[DATASET EXTRACT Boundary: Start]

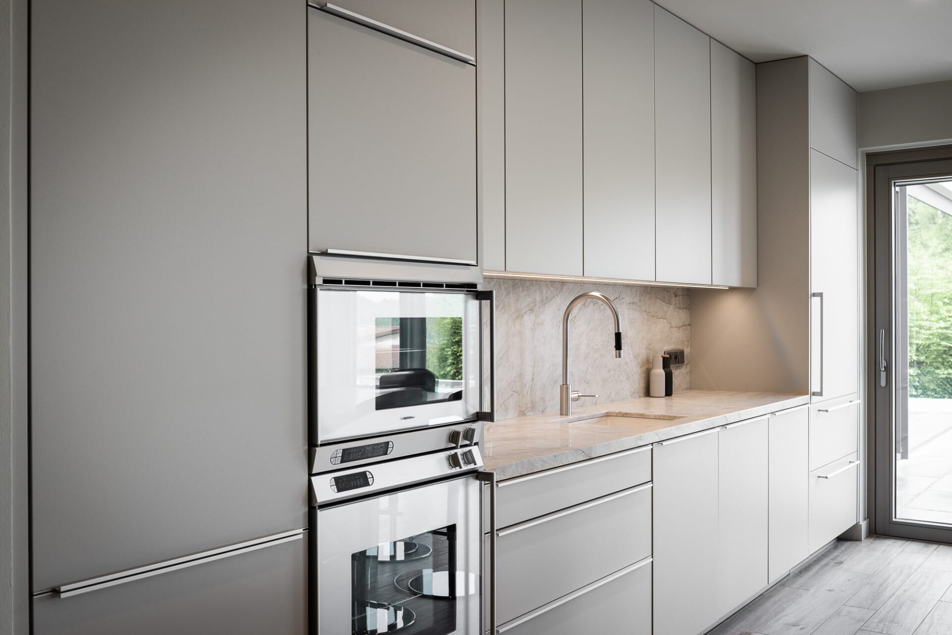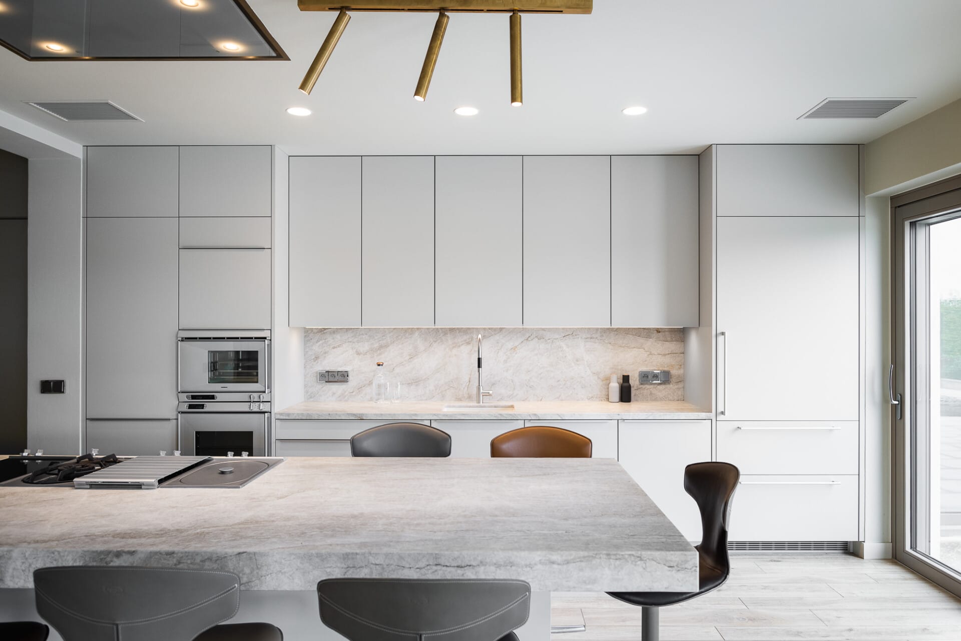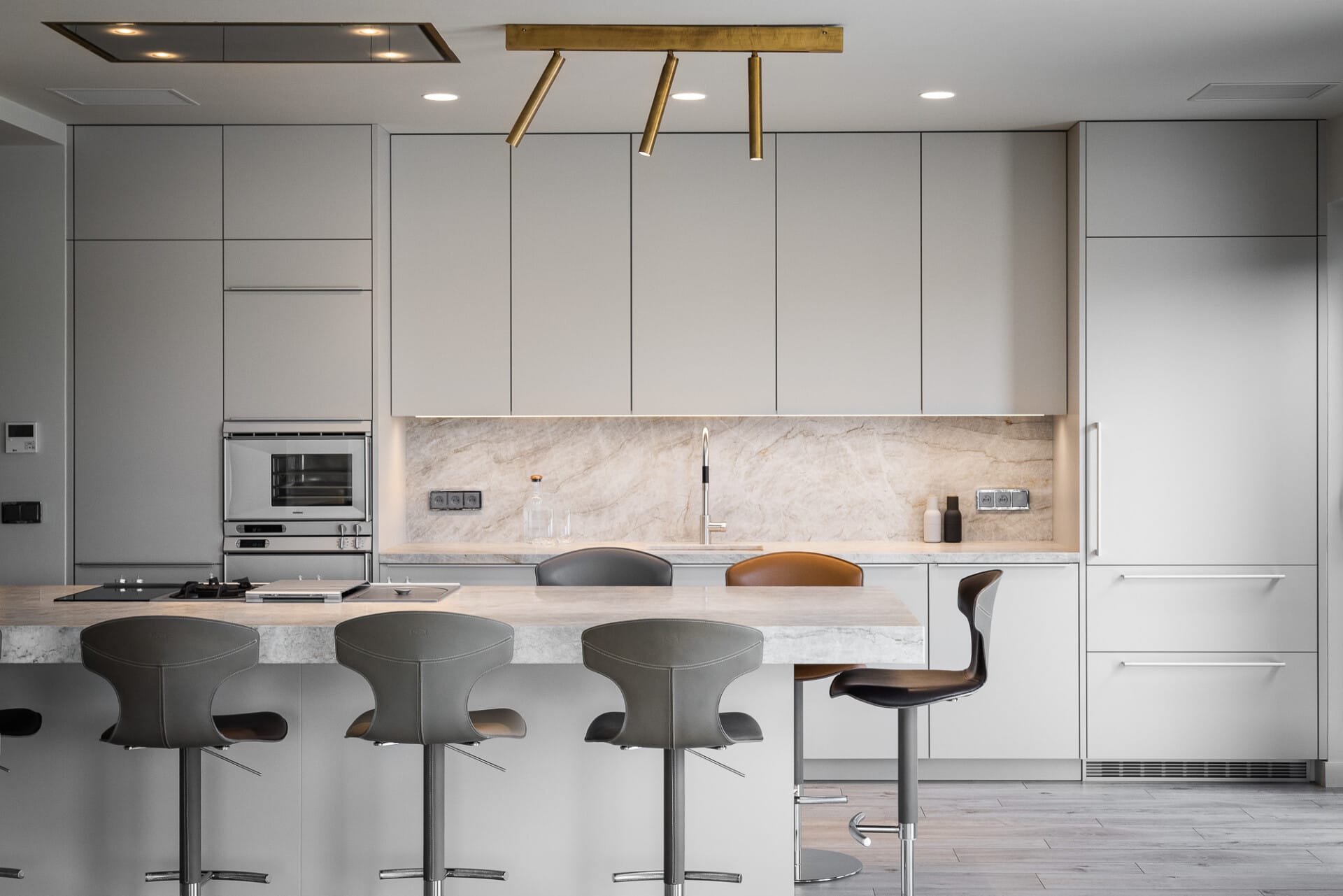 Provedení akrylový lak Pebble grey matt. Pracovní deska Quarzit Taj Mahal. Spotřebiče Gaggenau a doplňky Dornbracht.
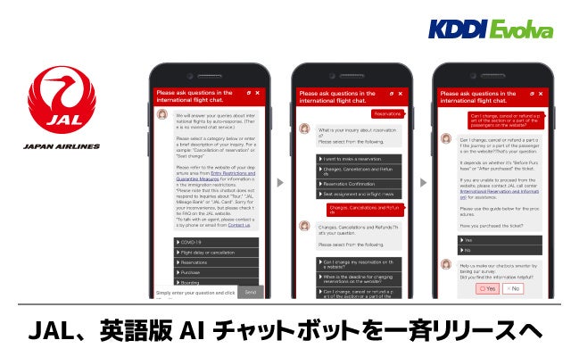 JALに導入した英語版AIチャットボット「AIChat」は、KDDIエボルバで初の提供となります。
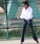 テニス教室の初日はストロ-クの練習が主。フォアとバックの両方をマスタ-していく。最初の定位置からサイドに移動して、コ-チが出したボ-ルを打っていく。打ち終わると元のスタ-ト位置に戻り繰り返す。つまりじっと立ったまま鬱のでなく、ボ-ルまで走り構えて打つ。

[DATASET EXTRACT Boundary: End]
[DATASET EXTRACT Boundary: Start]

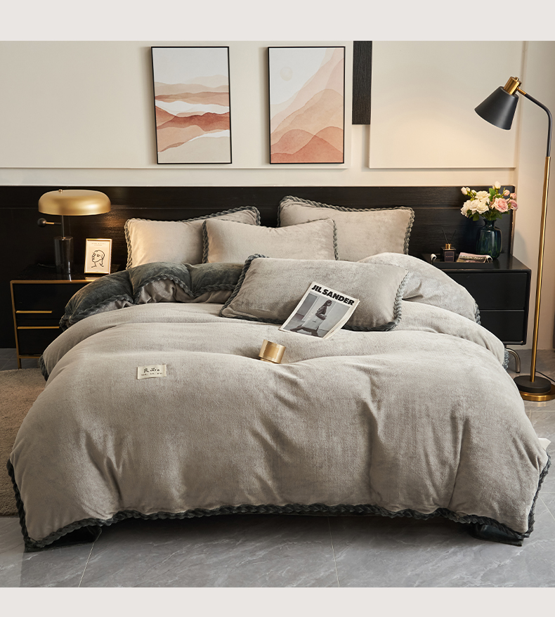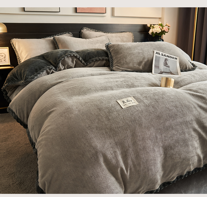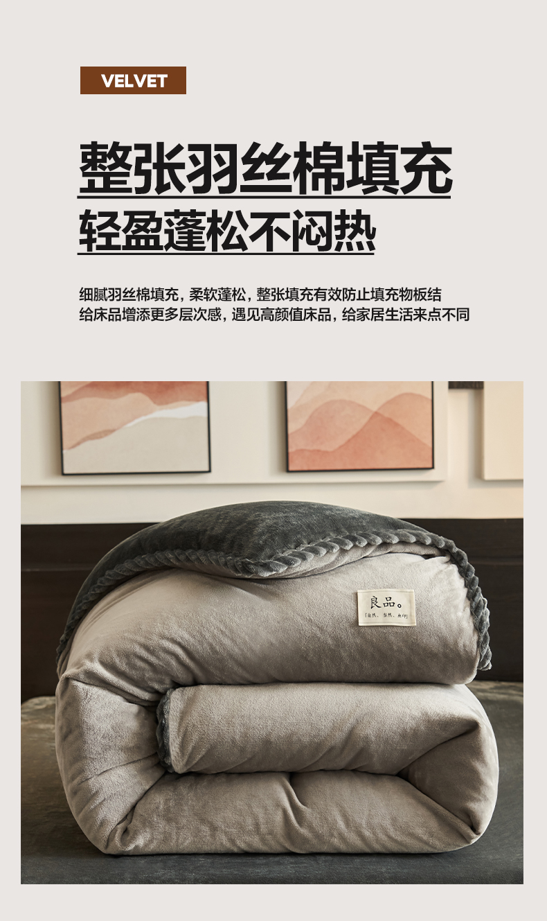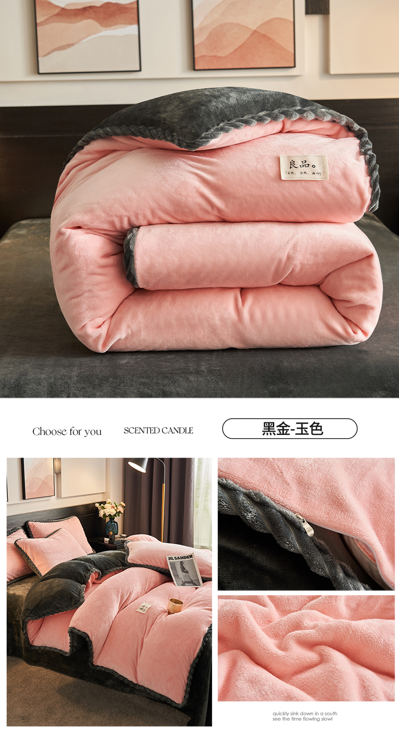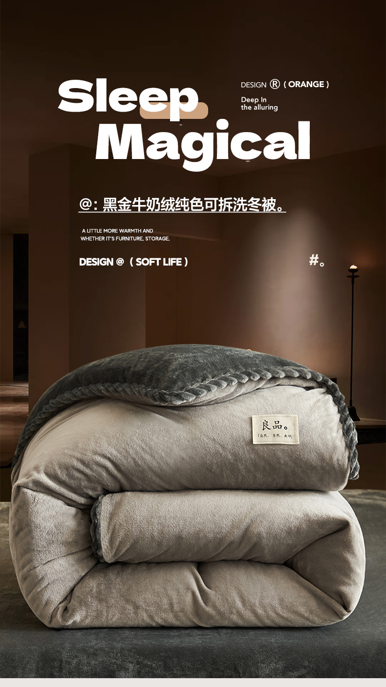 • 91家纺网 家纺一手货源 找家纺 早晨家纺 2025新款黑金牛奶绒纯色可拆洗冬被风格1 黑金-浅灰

[DATASET EXTRACT Boundary: End]
[DATASET EXTRACT Boundary: Start]

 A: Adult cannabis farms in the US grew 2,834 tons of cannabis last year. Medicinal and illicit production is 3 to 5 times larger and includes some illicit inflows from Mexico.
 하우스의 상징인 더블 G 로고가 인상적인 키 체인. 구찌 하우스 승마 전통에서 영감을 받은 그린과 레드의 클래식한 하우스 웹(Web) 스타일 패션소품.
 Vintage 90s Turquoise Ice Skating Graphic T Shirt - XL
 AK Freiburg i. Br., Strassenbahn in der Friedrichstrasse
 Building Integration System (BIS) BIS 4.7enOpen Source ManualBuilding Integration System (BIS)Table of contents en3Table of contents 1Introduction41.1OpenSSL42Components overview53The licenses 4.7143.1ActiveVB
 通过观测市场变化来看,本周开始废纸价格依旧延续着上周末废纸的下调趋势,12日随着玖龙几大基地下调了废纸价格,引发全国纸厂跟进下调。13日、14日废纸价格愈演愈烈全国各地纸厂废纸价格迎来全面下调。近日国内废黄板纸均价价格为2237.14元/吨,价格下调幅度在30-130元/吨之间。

[DATASET EXTRACT Boundary: End]

Given the records above, reproduce precisely and only the lines between the line holding "AK Freiburg i." and the line holding "通过观测市场变化来看,本周开", inclusive.

 AK Freiburg i. Br., Strassenbahn in der Friedrichstrasse
 Building Integration System (BIS) BIS 4.7enOpen Source ManualBuilding Integration System (BIS)Table of contents en3Table of contents 1Introduction41.1OpenSSL42Components overview53The licenses 4.7143.1ActiveVB
 通过观测市场变化来看,本周开始废纸价格依旧延续着上周末废纸的下调趋势,12日随着玖龙几大基地下调了废纸价格,引发全国纸厂跟进下调。13日、14日废纸价格愈演愈烈全国各地纸厂废纸价格迎来全面下调。近日国内废黄板纸均价价格为2237.14元/吨,价格下调幅度在30-130元/吨之间。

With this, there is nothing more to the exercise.